Some Truths About the Housing Bubble and the Credit Crisis

Both contenders for the Democratic nomination for president, Hillary Clinton and Barack Obama, have made statements about the efforts of the federal government to combat the problems caused by the collapse of the housing bubble. To paraphrase both of them, what they are saying is that it is somehow immoral to take steps to protect the financial system without bailing out individuals who, through their stupidity and/or their selfishness, are in danger of losing their homes. Both would turn over the tax money of working Americans to people who overreached themselves or are the victims of their own greed.

It is the responsibility of the federal government to protect all of us from a complete meltdown of our credit markets; it is not the responsibility of the federal government to save greedy and stupid borrowers UNLESS IN SOME CASES THIS IS AN UNAVOIDABLE BYPRODUCT OF EFFORTS TO PROTECT THE FINANCIAL SYSTEM. Clearly some irresponsible lenders will benefit from the bailout efforts; this is unfortunate, but the system must be saved.
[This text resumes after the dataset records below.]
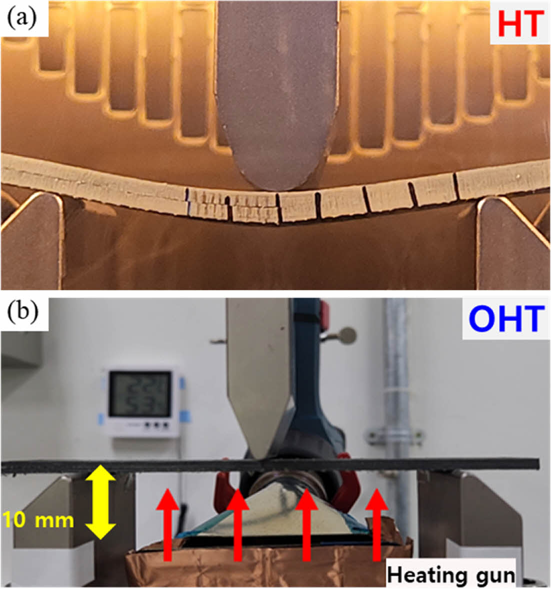 온도 조건은 상온 조건(Room temperature, RT)과 고온 조건을 설정하였다. 고온 조건의 경우 극한 환경에서 항공용 부품으로 활용되었을 때 노출될 수 있는 높은 온도를 부여하기 위하여 초음속 비행기가 운행 시 동체에 가해질 수 있는 온도인 130oC를 목표 온도로 설정하였다[17]. 또한 모든 면에 열을 가하는 Chamber heating(HT) 조건과 히팅 건을 통해 한쪽 면에만 열을 가하는 One-side heating(OHT) 조건 총 두가지로 진행하였다. HT 조건은 130oC 온도의 챔버 환경에서 시편의 온도가 목표온도에 도달하는 시점부터 시험을 진행하였다(Fig. 2a). OHT 조건은 굽힘을 통해 CFRP가 열원과 가까워지는 것을 고려하여 10 mm 간격을 두고 열을 가해주었다(Fig. 2b). OHT 조건의 경우 주변 온도 분위기가 상온이기 때문에 열 손실이 발생하여 더 고온의 열원 조건을 설정해 주었다. 이는 얇은 두께의 CFRP는 160oC, 두꺼운 두께의 CFRP는 170oC의 열원 조건을 필요로 하였다. OHT 조건 역시 시편이 목표 온도에 도달한 시점부터 시험을 진행하였으며, 온도는 시편 위아래에 온도 센서를 부착하여 측정하였다.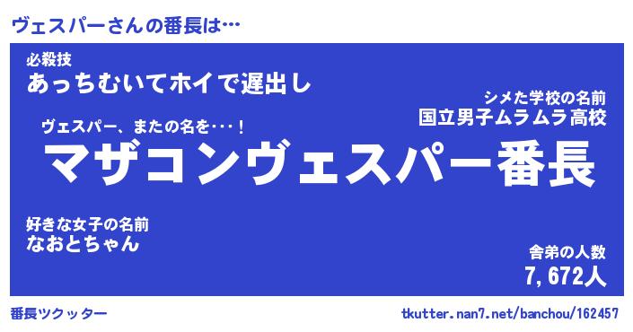 | ヒーロー風カッコイイあだ名 | 『スーパーヴェスパー』『天弓騎士ヴェ』 |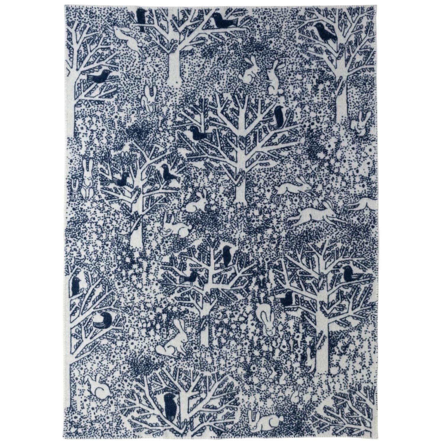 森の中でうさぎが飛び跳ね、鳥が羽を休める様子が描かれたデザイン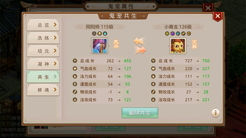 2阳间宠物与鬼宠共生后,阳间宠物根据自身强化、点化、羽化、幻化培养进度为鬼宠提供成长加成,鬼宠根据自身类型及培元进度为阳间宠物提供成长加成;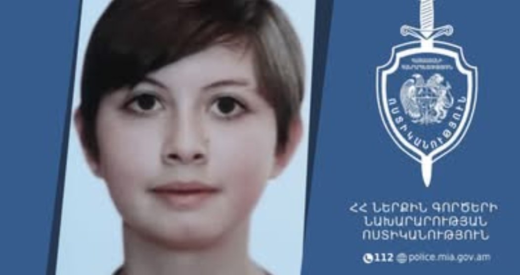 Քրեական ոստիկանության Երևան քաղաքի վարչության կողմից որպես անհետ կորած որոնվում է 2009 թվականին ծնված Հայկանուշ Խաչատրյանը։
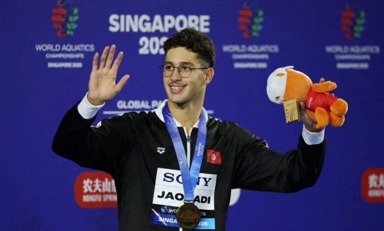دوّن السباح التونسي أحمد الجوادي اسمه بحروف من ذهب في تاريخ السباحة العالمية، بعدما حصد ثنائية ذهبية في سباقي 800 و1500 متر حرة في بطولة العالم التي أُقيمت في سنغافورة، ليؤكد مكانته كأحد أبرز أبطال العرب على الساحة الدولية.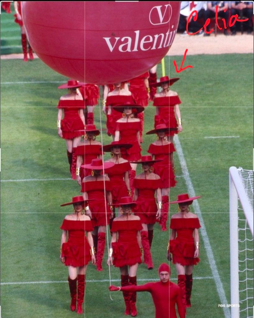Rapidamente percebi que este não era um desfile de moda comum. Participamos da cerimônia de abertura da Copa do Mundo. Cada continente tem seu próprio estilista: Estados Unidos – Valentino. África – Missoni. Ásia – Mira Schon. Europa – Gianfranco Ferre.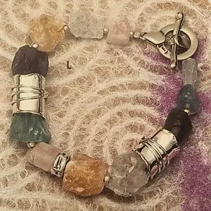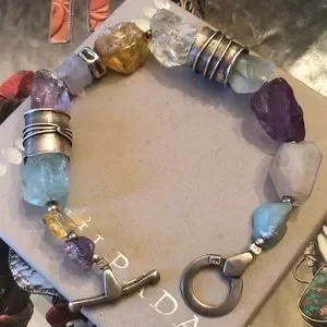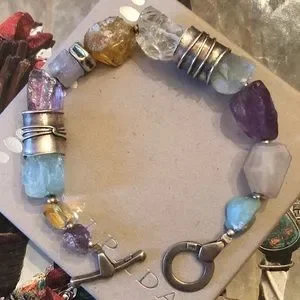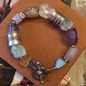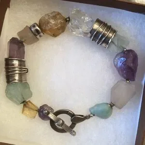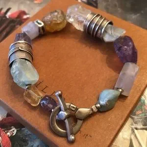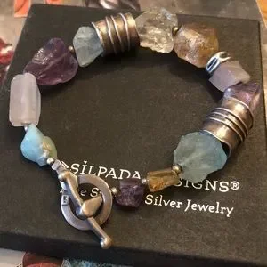 Rare Vintage Silpada Citrine, Flourite, Crystal, Amethyst and Rose Quartz Bracelet With Silver Tubes and Gold-Filled Beads and a Toggle Clasp B0710. Measures 7 1/2” long. Breathtaking and extremely rare piece!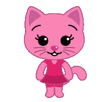 Me Li, the pink cat from Plim Plim, smiles happily in a pink dress, perfect for Nesho and Tuni fans.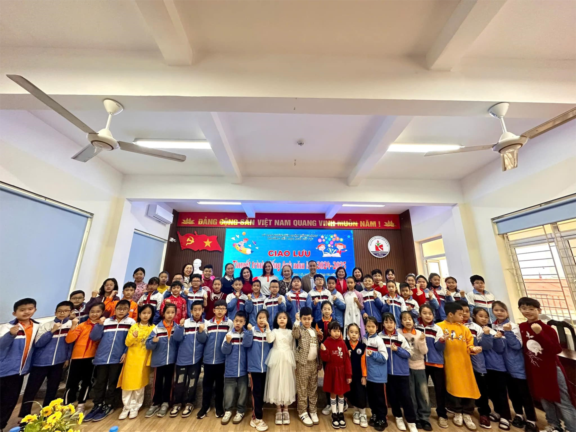🌷Sáng ngày 18/02/2025, trường Tiểu học Ngô Gia Tự tổ chức giao lưu “Thuyết trình Tiếng Anh” nhằm tỏ chức sân chơi, khuyến khích học sinh chủ động, tích cực học ngoại ngữ; tạo cơ hội cho các em được nghe, nói tiếng Anh và được chia sẻ kinh nghiệm học Tiếng Anh. Đồng hành cùng nhà trường còn có Trung tâm Ngoại ngữ EIM

Clearly also, more regulation and closer supervision is necessary to prevent certain practices from being repeated in the future.
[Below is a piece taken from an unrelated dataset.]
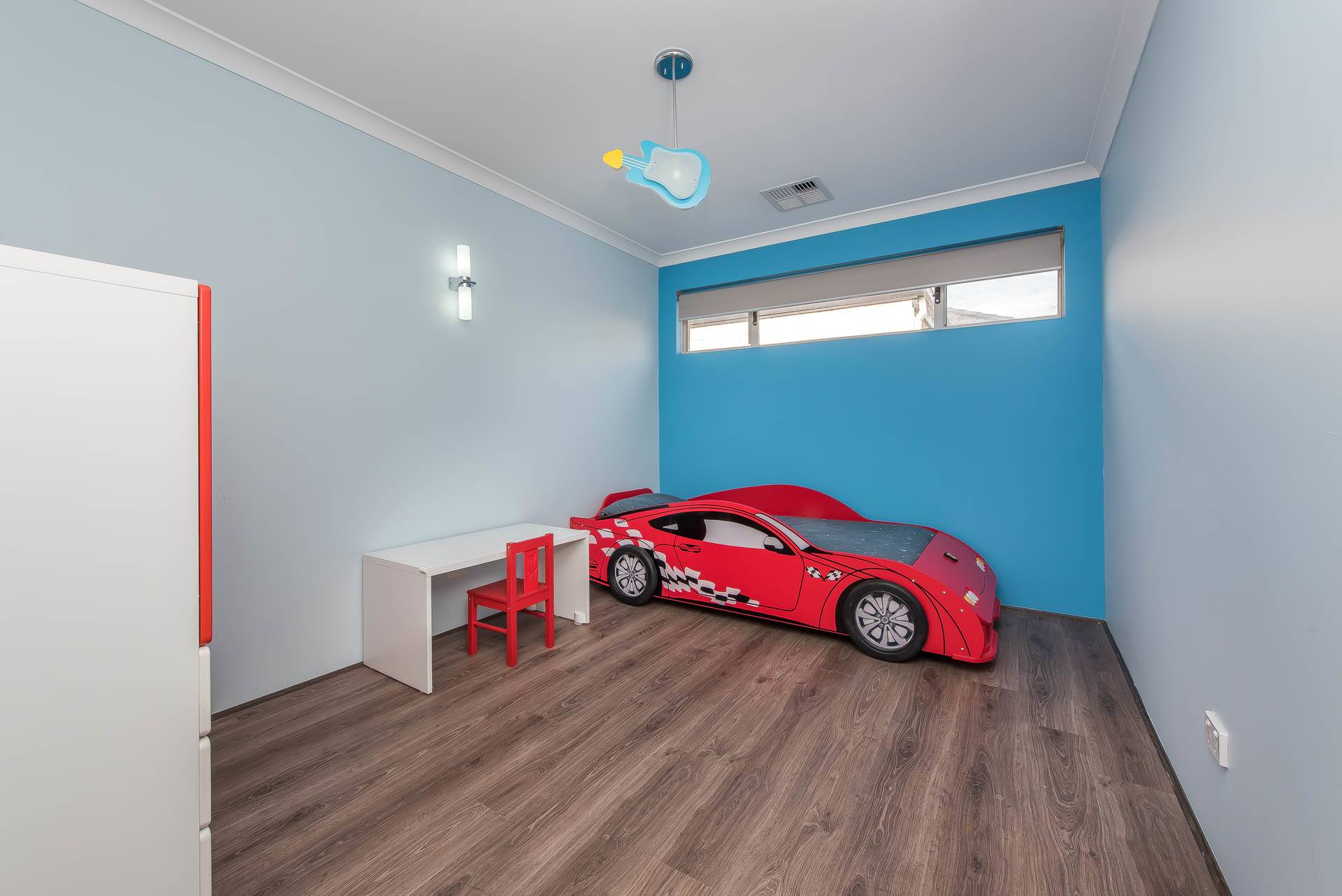 The custom designed kids room with a beautiful pendant and wall lights.

One measure that absolutely must be taken is once again to keep the ownership of commercial banks completely separate from the ownership of investment banks and insurance companies – a practice that was made illegal in 1933 during the Great Depression, but was overturned during the Clinton Presidency.

Some understanding of the reasons for the current crisis can be gained by reading the following excerpts from an excellent article published by TheRealTruth.org.

“Traditional vs. Modern Banking
Banks traditionally operated by taking deposits from their customers and lending money to those seeking loans. The difference between the interest rate paid on deposits and the higher one charged on loans (the “spread”) was their profit. If customers defaulted on their loans, banks were liable to depositors for payment—the banks held the risk “on the books,” 100% their responsibility. It was therefore in a bank’s best interest to carefully screen customers’ ability to repay before providing loans. The customer needed to have a good job, adequate assets, and was required to make a sizable down-payment. This conservative approach to lending enabled banks to make tidy profits for decades, while staying financially sound….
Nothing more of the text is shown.